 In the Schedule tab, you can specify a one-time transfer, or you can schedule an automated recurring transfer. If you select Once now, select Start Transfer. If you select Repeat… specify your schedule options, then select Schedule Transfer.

--

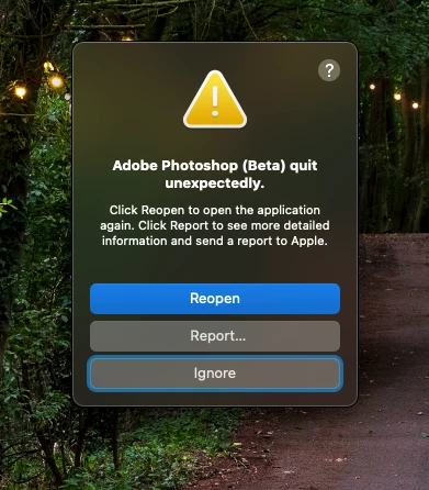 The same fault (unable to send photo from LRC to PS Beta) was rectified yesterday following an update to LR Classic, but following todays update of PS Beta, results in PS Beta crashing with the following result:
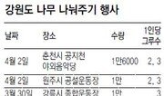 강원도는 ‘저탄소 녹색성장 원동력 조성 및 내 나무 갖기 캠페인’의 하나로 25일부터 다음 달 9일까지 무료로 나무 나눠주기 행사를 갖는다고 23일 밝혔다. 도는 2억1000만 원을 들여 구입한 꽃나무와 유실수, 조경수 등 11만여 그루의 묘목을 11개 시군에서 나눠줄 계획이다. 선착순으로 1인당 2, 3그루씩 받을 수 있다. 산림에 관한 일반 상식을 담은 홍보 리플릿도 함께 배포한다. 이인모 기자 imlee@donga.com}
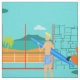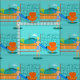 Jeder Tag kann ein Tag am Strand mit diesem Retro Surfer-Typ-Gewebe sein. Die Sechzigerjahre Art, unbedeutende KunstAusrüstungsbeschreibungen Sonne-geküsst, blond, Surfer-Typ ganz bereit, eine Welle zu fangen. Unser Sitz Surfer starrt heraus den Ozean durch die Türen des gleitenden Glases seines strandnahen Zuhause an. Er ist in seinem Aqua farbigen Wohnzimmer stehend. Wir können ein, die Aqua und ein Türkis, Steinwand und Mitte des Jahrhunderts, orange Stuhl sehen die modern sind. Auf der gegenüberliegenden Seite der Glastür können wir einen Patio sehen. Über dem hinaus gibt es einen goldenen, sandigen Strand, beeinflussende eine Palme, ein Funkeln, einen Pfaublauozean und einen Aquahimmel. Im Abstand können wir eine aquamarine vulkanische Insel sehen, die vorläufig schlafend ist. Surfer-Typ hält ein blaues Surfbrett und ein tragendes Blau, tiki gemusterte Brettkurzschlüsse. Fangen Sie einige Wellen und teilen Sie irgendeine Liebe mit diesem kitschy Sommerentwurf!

--

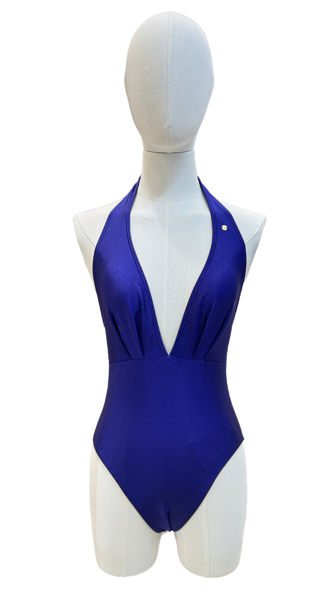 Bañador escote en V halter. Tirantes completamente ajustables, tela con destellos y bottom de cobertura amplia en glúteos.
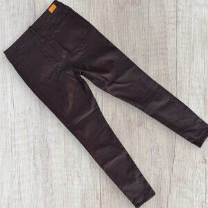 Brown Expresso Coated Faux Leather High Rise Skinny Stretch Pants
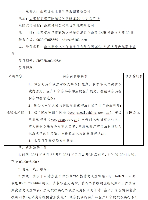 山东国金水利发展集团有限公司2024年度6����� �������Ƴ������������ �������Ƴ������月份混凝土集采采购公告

§ Exercise prompt: Starting at the line above that holds "The same fault", repeat every line exactly down to and including the line that holds "Jeder Tag kann", then stop. Do not carry over any pictures.

§ Answer to this problem:
 The same fault (unable to send photo from LRC to PS Beta) was rectified yesterday following an update to LR Classic, but following todays update of PS Beta, results in PS Beta crashing with the following result:
 강원도는 ‘저탄소 녹색성장 원동력 조성 및 내 나무 갖기 캠페인’의 하나로 25일부터 다음 달 9일까지 무료로 나무 나눠주기 행사를 갖는다고 23일 밝혔다. 도는 2억1000만 원을 들여 구입한 꽃나무와 유실수, 조경수 등 11만여 그루의 묘목을 11개 시군에서 나눠줄 계획이다. 선착순으로 1인당 2, 3그루씩 받을 수 있다. 산림에 관한 일반 상식을 담은 홍보 리플릿도 함께 배포한다. 이인모 기자 imlee@donga.com}
 Jeder Tag kann ein Tag am Strand mit diesem Retro Surfer-Typ-Gewebe sein. Die Sechzigerjahre Art, unbedeutende KunstAusrüstungsbeschreibungen Sonne-geküsst, blond, Surfer-Typ ganz bereit, eine Welle zu fangen. Unser Sitz Surfer starrt heraus den Ozean durch die Türen des gleitenden Glases seines strandnahen Zuhause an. Er ist in seinem Aqua farbigen Wohnzimmer stehend. Wir können ein, die Aqua und ein Türkis, Steinwand und Mitte des Jahrhunderts, orange Stuhl sehen die modern sind. Auf der gegenüberliegenden Seite der Glastür können wir einen Patio sehen. Über dem hinaus gibt es einen goldenen, sandigen Strand, beeinflussende eine Palme, ein Funkeln, einen Pfaublauozean und einen Aquahimmel. Im Abstand können wir eine aquamarine vulkanische Insel sehen, die vorläufig schlafend ist. Surfer-Typ hält ein blaues Surfbrett und ein tragendes Blau, tiki gemusterte Brettkurzschlüsse. Fangen Sie einige Wellen und teilen Sie irgendeine Liebe mit diesem kitschy Sommerentwurf!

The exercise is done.